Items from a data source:
§
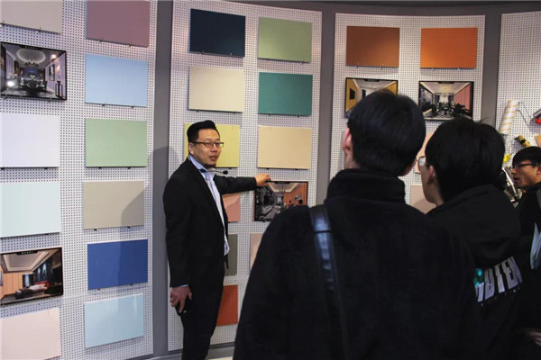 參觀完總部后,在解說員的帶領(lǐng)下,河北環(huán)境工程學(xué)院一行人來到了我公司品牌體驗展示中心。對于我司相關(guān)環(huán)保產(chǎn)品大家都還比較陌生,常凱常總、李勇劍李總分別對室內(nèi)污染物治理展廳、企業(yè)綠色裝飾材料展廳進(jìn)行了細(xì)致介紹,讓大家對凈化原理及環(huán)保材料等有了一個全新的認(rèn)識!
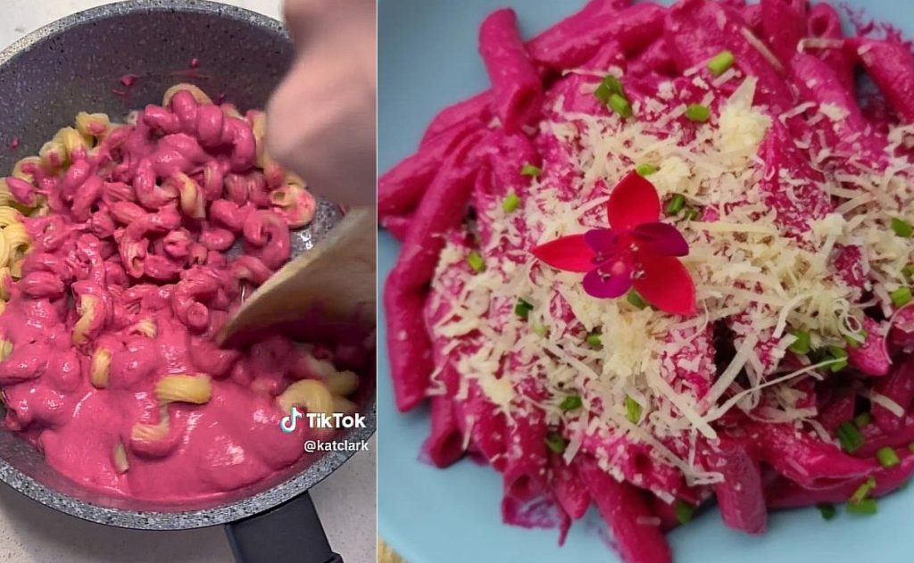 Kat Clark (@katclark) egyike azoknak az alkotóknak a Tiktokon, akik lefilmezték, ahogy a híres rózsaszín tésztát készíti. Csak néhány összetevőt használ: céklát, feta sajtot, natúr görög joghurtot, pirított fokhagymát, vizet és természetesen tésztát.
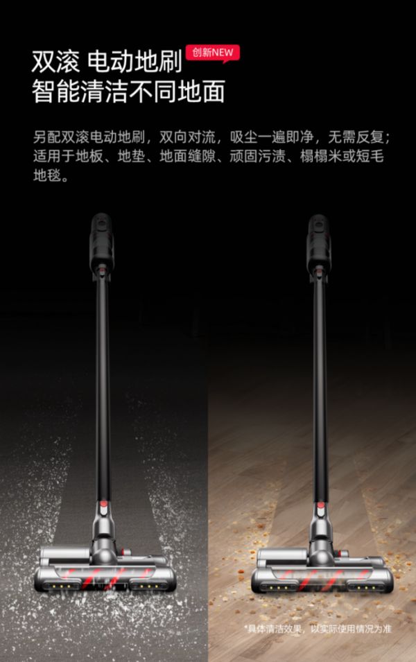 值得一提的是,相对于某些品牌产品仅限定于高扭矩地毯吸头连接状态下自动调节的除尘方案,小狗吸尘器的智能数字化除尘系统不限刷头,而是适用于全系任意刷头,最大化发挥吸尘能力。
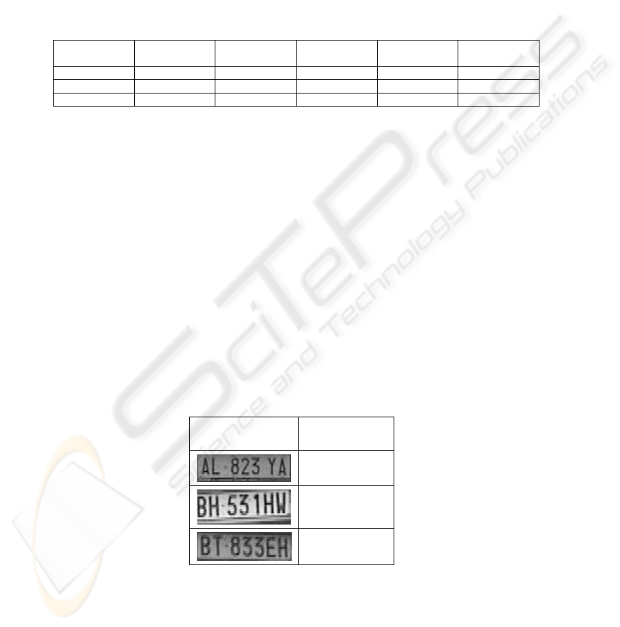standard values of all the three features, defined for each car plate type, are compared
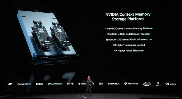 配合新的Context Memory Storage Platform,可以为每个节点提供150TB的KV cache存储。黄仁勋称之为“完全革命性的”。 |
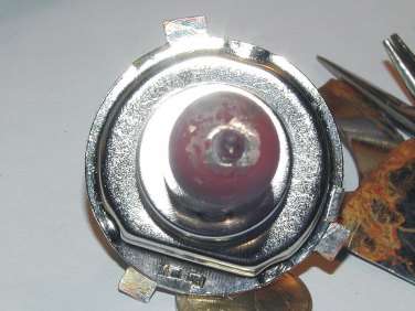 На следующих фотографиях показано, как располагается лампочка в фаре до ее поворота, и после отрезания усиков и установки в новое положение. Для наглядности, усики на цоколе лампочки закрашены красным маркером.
§
## ASSIGNMENT
Strip the images and reproduce the remaining records precisely.

## RESPONSE FOR THIS EXERCISE
 參觀完總部后,在解說員的帶領(lǐng)下,河北環(huán)境工程學(xué)院一行人來到了我公司品牌體驗展示中心。對于我司相關(guān)環(huán)保產(chǎn)品大家都還比較陌生,常凱常總、李勇劍李總分別對室內(nèi)污染物治理展廳、企業(yè)綠色裝飾材料展廳進(jìn)行了細(xì)致介紹,讓大家對凈化原理及環(huán)保材料等有了一個全新的認(rèn)識!
 Kat Clark (@katclark) egyike azoknak az alkotóknak a Tiktokon, akik lefilmezték, ahogy a híres rózsaszín tésztát készíti. Csak néhány összetevőt használ: céklát, feta sajtot, natúr görög joghurtot, pirított fokhagymát, vizet és természetesen tésztát.
 值得一提的是,相对于某些品牌产品仅限定于高扭矩地毯吸头连接状态下自动调节的除尘方案,小狗吸尘器的智能数字化除尘系统不限刷头,而是适用于全系任意刷头,最大化发挥吸尘能力。
standard values of all the three features, defined for each car plate type, are compared
 配合新的Context Memory Storage Platform,可以为每个节点提供150TB的KV cache存储。黄仁勋称之为“完全革命性的”。 |
 На следующих фотографиях показано, как располагается лампочка в фаре до ее поворота, и после отрезания усиков и установки в новое положение. Для наглядности, усики на цоколе лампочки закрашены красным маркером.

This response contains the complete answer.